This Fall Season, the United Nations is in Fashion
Thein Sein, President of the Republic of the Union of Myanmar, addresses the 67th United Nations General Assembly meeting Sept. 27, 2012 at the United Nations in New York City. (Don Emmert/AFP/GettyImages)
It's an annual ritual, a rite of early fall in New York: The leadership of the world (yes, the world) descends on this city, more than 200 heads of government and their entourages in town for the 68th gathering of the United Nations General Assembly, here to collectively tackle the most pressing problems on the planet.
It’s a stirring thing, in principle at least. A small sliver of land near the United Nations teeming with prime ministers and foreign ministers, the air humming with talk of Millenium Development Goals and conflict resolution, the in-boxes of diplomats and journalists jammed with invitations. And that's before we even mention the Clinton Global Initiative, which sets up shop during the same time, a parallel world-saving universe just a mile away.
Unfortunately, over the years "UNGA," as it's known, has often been remembered more for the bombast and traffic snarls it produces, rather than the noble work that’s done in and around the assembly hall. Media attention has typically gone to the greatest hyperventilators — Moammar Qaddafi and Mahmoud Ahmadinejad, say — rather than to the softer, nobler voices. The speeches were often objectionable, and didn't always make sense, but they got the press.

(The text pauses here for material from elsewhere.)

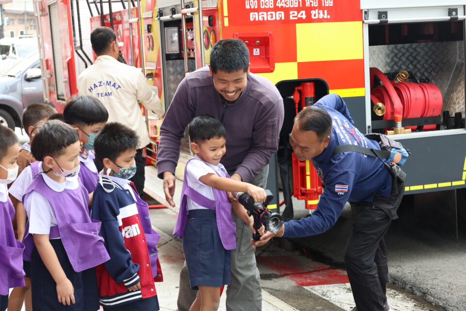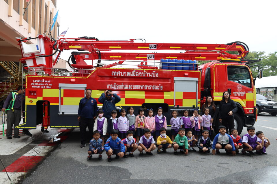 งานป้องกันและบรรเทาสาธารณภัย เทศบาลเมืองบ้านบึง ต้อนรับคณะครูและนักเรียนโรงเรียนอนุบาลบ้านบึง (อำนาจคณูปถัมภ์) ซึ่งจัดกิจกรรมเสริมประสบการณ์ สำหรับนักเรียนชั้นปฐมวัย อนุบาลปีที่ 1-3 โดยนำนักเรียนเข้าเยี่ยมชมสถานีดับเพลิงบ้านบึง เพื่อส่งเสริมการเรียนรู้ของนักเรียน

Things are looking different this year, for two reasons. First — the paragons of bombast are absent, for the most part. Qaddafi is no longer with us, and Ahmadinejad is no longer in charge (more on his successor in a moment). Ahmadinejad’s departure from power has removed some of the most bizarre and eagerly-anticipated press events of UNGAs past — namely his breakfasts with leading journalists and his own General Assembly speeches, all with their How-low-will-he-go? quality. In Latin America, Hugo Chavez is gone, and Fidel Castro is alive but not well, and in any case it’s his brother who rules Cuba now.

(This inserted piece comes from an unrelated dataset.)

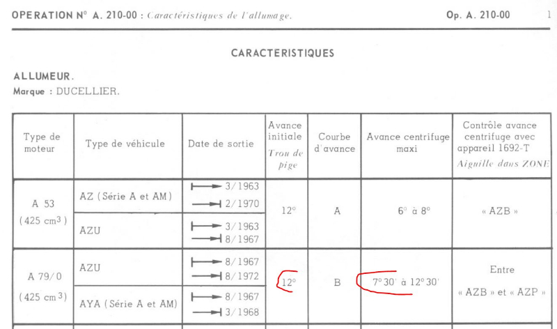 Pour ce moteur la doc citroen l'avance static 12° et l'avance centrifuge 7,5° a 12° .

The other, more important reason why UNGA 2013 is already a different case is that the U.N. itself sits — for the first time in a while — at the center of at least two of the critical global issues of the moment. The August use of chemical weapons in Syria has thrust U.N. inspectors and the Security Council into the midst of the Syrian war, even as Secretary-General Ban Ki-Moon bemoans the lack, to date, of U.N. resolve. While it was the U.S. and Russia that patched together the potential deal for Bashir Al-Assad to avoid intervention, there is no shortage of other countries in the conversation — from Syria’s neighbors to the Gulf nations, from the European Union to China, from Indonesia — heralded as a model of Muslim-majority democracy — to Egypt, Libya and Tunisia, all nursing variations on the Arab Spring hangover. A perfect moment, you might say, for a global gathering.

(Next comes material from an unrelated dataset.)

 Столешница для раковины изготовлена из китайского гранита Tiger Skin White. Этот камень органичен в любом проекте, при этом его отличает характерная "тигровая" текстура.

Then there’s Iran, and the new man in charge. With Ahmadinejad the UNGA conversation was often about whether any New York hotel would give him a room, or how large the protests might be; now, with newly-minted president Hassan Rouhani in town, it's, Will Obama shake his hand? There may never have been a moment as ripe with expectation for the U.S. and Iran since the revolution, three and a half decades ago. Handshake or no, there is enormous hope invested in the new president, or at least there is great interest in hearing Rouhani’s speech, and in testing whether the vastly more moderate language will translate into moderate action, and — we can dare to hope — something like real breakthroughs, on the nuclear question, the U.S.-Iran relationship, or even Syria, where Iran is a major player. We know this because of overwhelming demand for a place at an event we are hosting for President Rouhani Thursday. Certainly Rouhani's victory has added the spice of high expectation and excitement to the annual proceedings.
So the U.N. is “hot” again, as a journalist I know said the other day. And there was this tweet, from a U.N. official: “1,000 journos accredited!” he wrote, using the shorthand for “journalists.” This year, you can certainly see why.